Why don't they use pain relief? :?


----------



## Window (Aug 22, 2009)

Axe and chopping block and some veges


----------



## Window (Aug 22, 2009)

Rainbow-Serpent said:


> Why don't they use pain relief? :?



I agree about pain relief a nice sharp axe should do the trick


----------



## swaddo (Aug 22, 2009)

If you're not gonna take it to a vet, keep it's foot clean so it doesnt get an infection, i'd wash it with some betadine every day. I had a rooster who jumped the fence and went mano et mano with the rooster next door. he dislocated a toe and we just popped back in and taped in place using elastoplast. bugger is still out there crowing each morning and his toe is fine.


----------



## dadaman (Aug 23, 2009)

I agree. Chop it's head off and eat it. Chicken taste nice


----------



## daniel1234 (Aug 23, 2009)

Betadine if you do it yourself, and proberbly betadine if you take it to vet.
It is good for anticeptic and it has a drying effect on wound. Metho is similar but betadine stays on wound longer. Good luck.


----------



## shamous1 (Aug 23, 2009)

*Skewers*

Phil's advice is prbably the best advice. Apart from getting it to the vet.


----------



## kupper (Aug 23, 2009)

i hear red rooster in bundoora is hiring !


----------



## Snakebuster (Aug 27, 2009)

Thanks for your helpful advise ppl. The chooks toe wound has formed into a large lumpy scap. I think it is still broken tho, when the chookie roosts, the toe cant bend around the perch. Im sort of struggling between 3 choices. Defenitly NOT going to chop its head off, I made a mistake that has cost the chook pain and suffering, and I intend to make it better rather than giving up and eating it.

A vets bill would cost money, I dont know how much money, but I'm guessing about $70-100 which is just about all I have left after spend all my B-day money.

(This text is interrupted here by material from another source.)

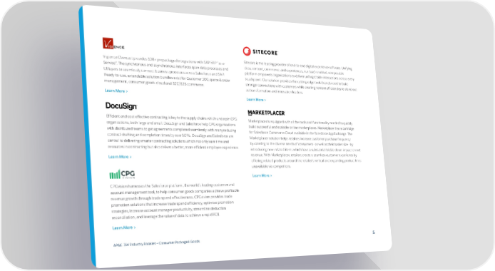 Vigience Overcast provides 100+ prepackaged integrations with SAP ERP “as-a- Sitecore is the leading provider of end-to-end digital experience software. Unifying Service”. The synchronous and asynchronous interfaces span data processes and data, content, commerce, and experiences, our SaaS-enabled, composable UI layers to seamlessly connect business processes across Salesforce and SAP. platform empowers organizations to deliver unforgettable interactions across every Ready-to-use, extendable solution bundles exist for Customer 360, quote & order touchpoint. Our solution provides the cutting-edge tools brands need to build management, consumer goods cloud and B2C/B2B commerce. stronger connections with customers while creating content efficiencies to stand out as transformation and innovation leaders. Learn More > Learn More > Efficient and cost-effective contracting is key to the supply chains which underpin CPG Marketplacer is equipped with all the tools and functionality needed to quickly organizations, both large and small. DocuSign and Salesforce help CPG organizations build successful and scalable online marketplaces. Marketplacer has a cartridge with distributed teams to get agreements completed seamlessly, with many reducing for Salesforce Commerce Cloud available in the Salesforce AppExchange. The contract drafting and completion times by over 50%. DocuSign and Salesforce are Marketplacer solution helps retailers increase customer purchase frequency central to delivering smarter contracting solutions which not only save time and by catering to the diverse needs of consumers - as well as their basket size - by resources in contracting but also deliver a better, more efficient employee experience. introducing new, related items which have a substantial trickle-down impact on net Learn More > revenue. With Marketplacer, retailers create a seamless customer experience by offering related products around the retailer’s vertical and expanding product lines unavailable via competitors. Learn More > CPGvision harnesses the Salesforce platform, the world’s leading customer and account management tool, to help consumer goods companies achieve profitable revenue growth through trade spend effectiveness. CPGvision provides trade promotion solutions that increase trade spend efficiency, optimise promotion strategies, increase account manager productivity, streamline deduction reconciliation, and leverage the value of data to achieve a rapid ROI. Learn More > APAC ISV Industry Booklet — Consumer Packaged Goods 5

I'm considering the axe option, I could maybe do that, but we dont have a pair of strong sharp scissors, only a blunt tomahawk, [although we do have a tool sharpner] and we dont have a pet carrier do keep the chicken until the toe stump heals. If someone could point out something other than a pet carrier, that would be good.

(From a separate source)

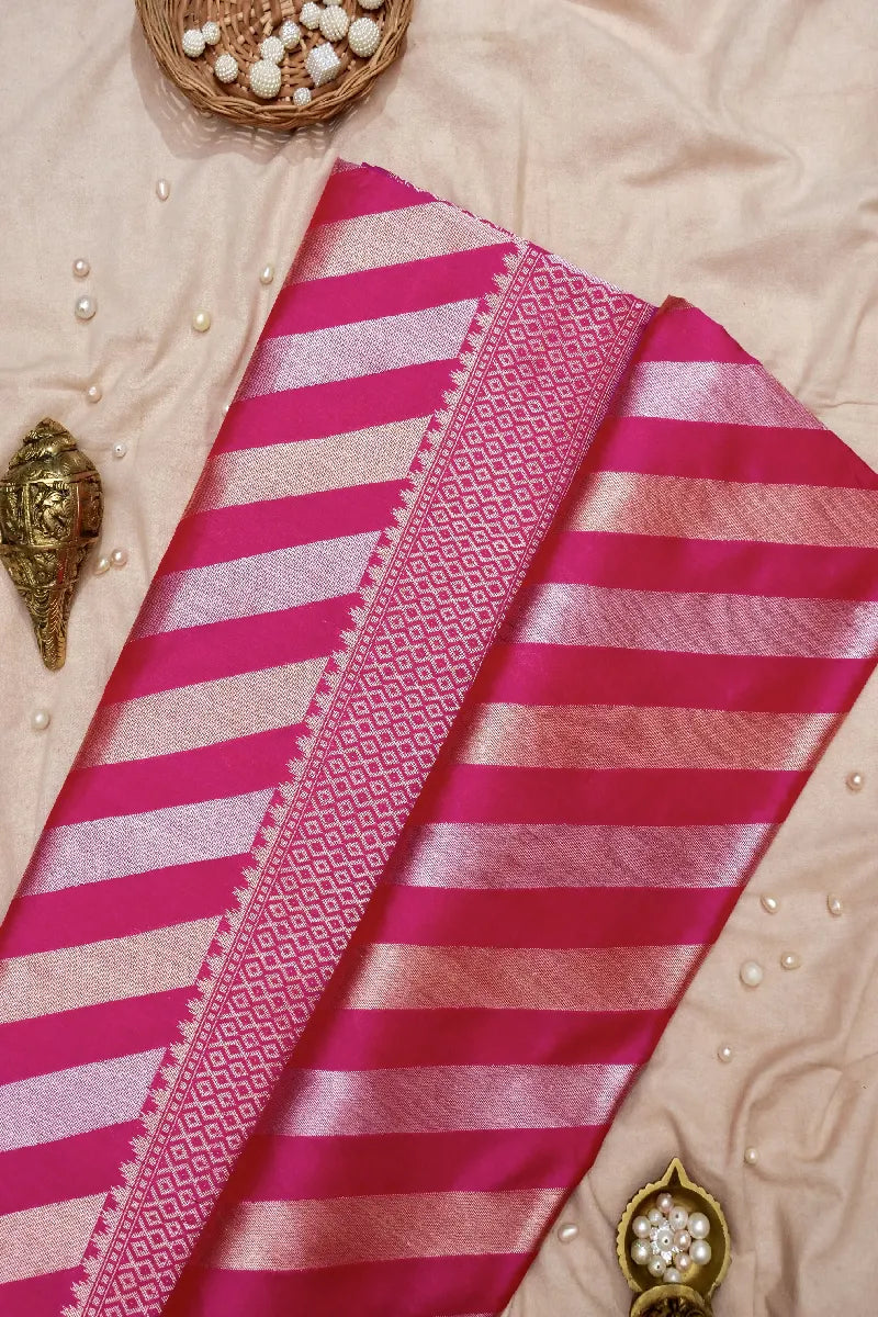 Saree Details : Saree Fabric :- Banarasi Single Katan Rich Zari | Blouse Fabric :- Banarasi Single Katan Rich Zari | Saree Work :- Leheriya Pattern Golden & Silver Zari Handwork | Blouse Work :- Leheriya Golden Zari Border | Saree Color:- PINK Color | Blouse Color :- PINK Color

Or should I just leave it? Perhaps it might heal on its own in time, I dont know. The chicken seems to be okay enough, except it shook and pecked its bandage and splint off its toe.

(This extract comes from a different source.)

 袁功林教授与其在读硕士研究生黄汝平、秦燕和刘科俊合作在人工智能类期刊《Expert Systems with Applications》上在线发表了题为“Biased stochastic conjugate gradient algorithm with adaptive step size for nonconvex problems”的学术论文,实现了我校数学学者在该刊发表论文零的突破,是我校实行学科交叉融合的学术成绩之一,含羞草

I think I'll make another thread, this time with a poll.


----------



## swaddo (Aug 27, 2009)

a good solid cardboard box will suffice as a pet carrier.. stick a towel in the bottom so she doesnt slide around and fold the top flaps closed. she'll be fine in there.


----------



## GTsteve (Aug 27, 2009)

Dude - have you discussed this with your parents?


----------



## babba007 (Aug 27, 2009)

I can't believe people are encouraging an 11 year old to chop off the toe !


----------



## Snake Catcher Victoria (Aug 27, 2009)

babba007 said:


> I can't believe people are encouraging an 11 year old to chop off the toe !


its ok if he uses a stong pair of scissors or similar and does it quickly and decisively.
Im actually having more of a problem believing an 11 year old country 
boy can be so well read and have such great grammer ect.
U sure ur 11 snakebuster?


----------



## PhilK (Aug 27, 2009)

Mate you are being very irresponsible for this poor thing.. This accident happened a LONG time ago, and you have taken none of the actions anybody here has offered to you. You haven't even isolated it out of the filthy environment it lives in to prevent infection.. There's no use asking advice if you don't plan on following it.

Talk to your parents about this, as I assumed you were doing from the beginning. They will help you amputate the toe (DON'T use a tomahawk) or they will foot the vet bill for you, or at least lend you the money.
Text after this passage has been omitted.